Chapters 1-4 Multiple Choice Questions
What are attributes that exist in a relational database that are neither primary nor foreign keys? A. Nondescript attributes B. Descriptive attributes C. Composite key D. Relational table attributes
B. Descriptive attributes
Gold, silver, and bronze medals would be examples of: A. Nominal data. B. Ordinal data. C. Structured data. D. Test data.
B. Ordinal data.
Line charts are not recommended for what type of data? A. Normalized data B. Qualitative data C. Continuous data D. Trend lines
B. Qualitative data
Which of the following *is not* a typical example of nominal data? A. Gender B. SAT scores C. Hair color D. Ethnic group
B. SAT scores
By the year 2020, about 1.7 megabytes of new information will be created every A. Week. B. Second. C. Minute. D. Day.
B. Second.
______________________________ is a discriminating classifier that is defined by a separating hyperplane that works first to find the widest margin (or biggest pipe) and then works to find the middle line. A. Linear classifier B. Support vector machine C. Decision tree D. Multiple regression
B. Support vector machine
Justin Zobel suggests that revising your writing requires you to be egoless—ready to dislike anything you have previously written," suggesting that it is ______________ you need to please: A. Yourself B. The reader C. The customer D. Your boss
B. The reader
In general, the simpler the model, the greater the chance of: A. Overfitting the data. B. Underfitting the data. C. Pruning the data. D. The need to reduce the amount of data considered.
B. Underfitting the data.
Big Data is often described by the three Vs, or A. Volume, velocity, and variability. B. Volume, velocity, and variety. C. Volume, volatility, and variability. D. Variability, velocity, and variety.

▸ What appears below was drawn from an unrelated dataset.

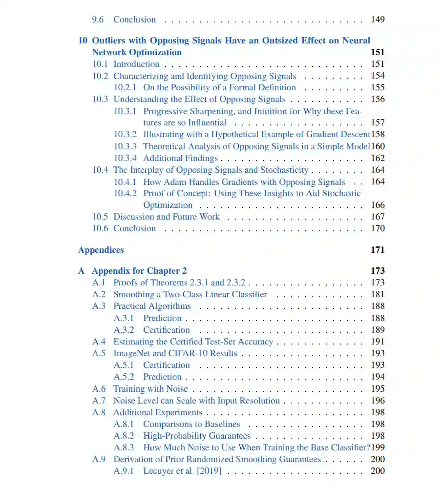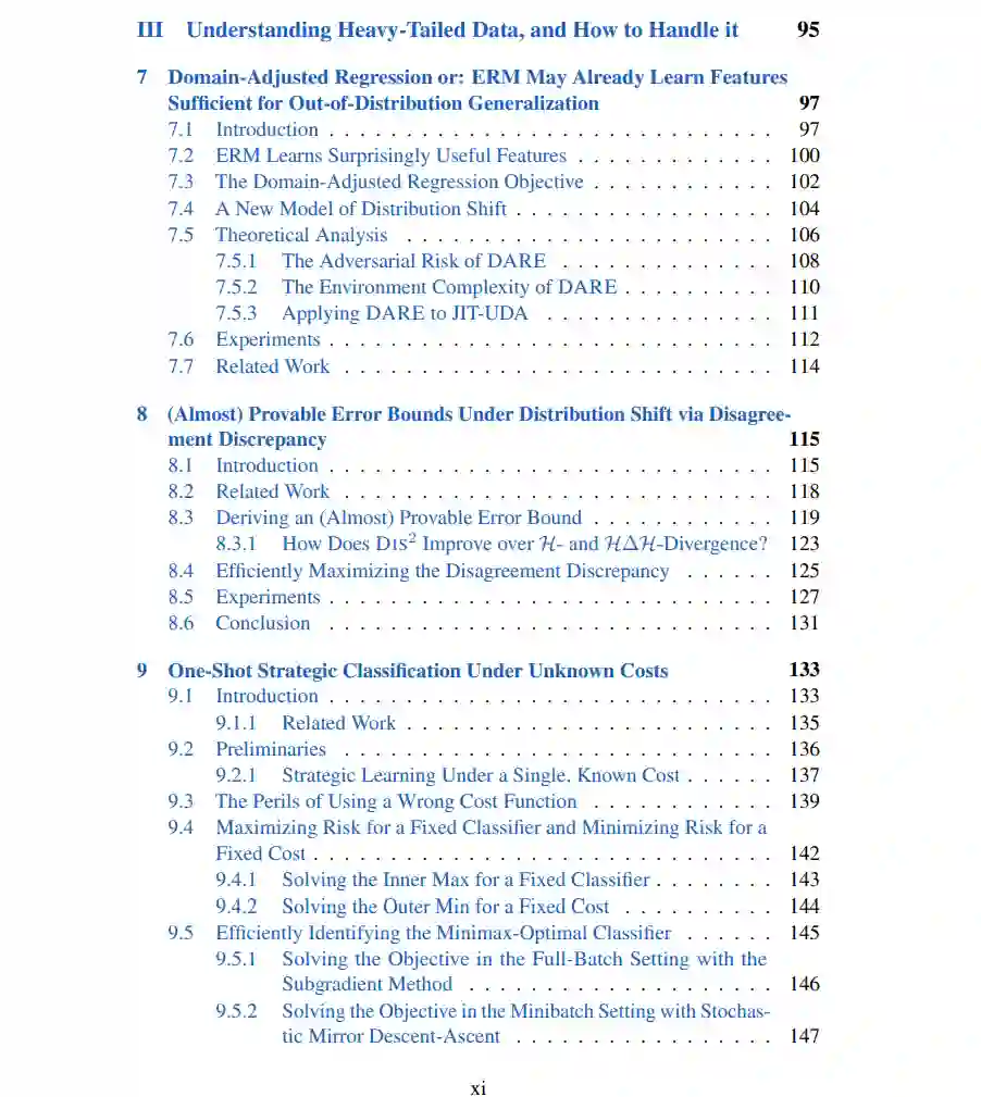 论文的最后一部分广泛探索了更好地理解和利用自然数据中的变化的方法。首先,在第7章中,我们展示了预训练特征足以生成比以前认为的更稳健的预测器。第8章描述了这一发现如何使得使用未标记的测试数据以证明神经网络适时适应变迁,或给出(几乎)有证明的非空的测试误差界成为可能。接下来,第9章开发了一种稳健优化方法用于策略分类,使得双重稳健预测能够优雅地处理策略响应和用户成本函数中的不可避免的不确定性。最后,第10章展示了离群值对神经网络优化的显著影响——这一结果为理解自然数据的重尾如何影响网络行为提供了新的见解,并提出了神经网络优化中各种现象起源的更一致的图景。

B. Volume, velocity, and variety.
The observation that is frequency of leading digits in many real-life sets of numerical data is called: A. Leading digits hypothesis. B. Moore's law. C. Benford's law. D. Clustering.
C. Benford's law.
Which skills were not emphasized that analytic-minded accountants should have? A. Develop an analytics mindset B. Data scrubbing and data preparation C. Classification of test approaches D. Define and address problems through statistical data analysis
C. Classification of test approaches
As mentioned in the chapter, which of the following is not a common way that data will need to be cleaned after extraction and validation? A. Remove headings and subtotals. B. Format negative numbers. C. Clean up trailing zeroes. D. Correct inconsistencies across data.
C. Clean up trailing zeroes.
Which of these terms is defined as being a central repository of descriptions for all of the data attributes of the dataset? A. Big Data B. Data warehouse C. Data dictionary D. Data Analytics
C. Data dictionary
______________________________ mark (marks) the split between one class and another. A. Decision trees B. Identified questions C. Decisions boundaries D. Linear classifiers
C. Decisions boundaries
Mastering the data can also be described via the ETL process. The ETL process stands for: A. Extract, total, and load data. B. Enter, transform, and load data. C. Extract, transform, and load data. D. Enter, total, and load data.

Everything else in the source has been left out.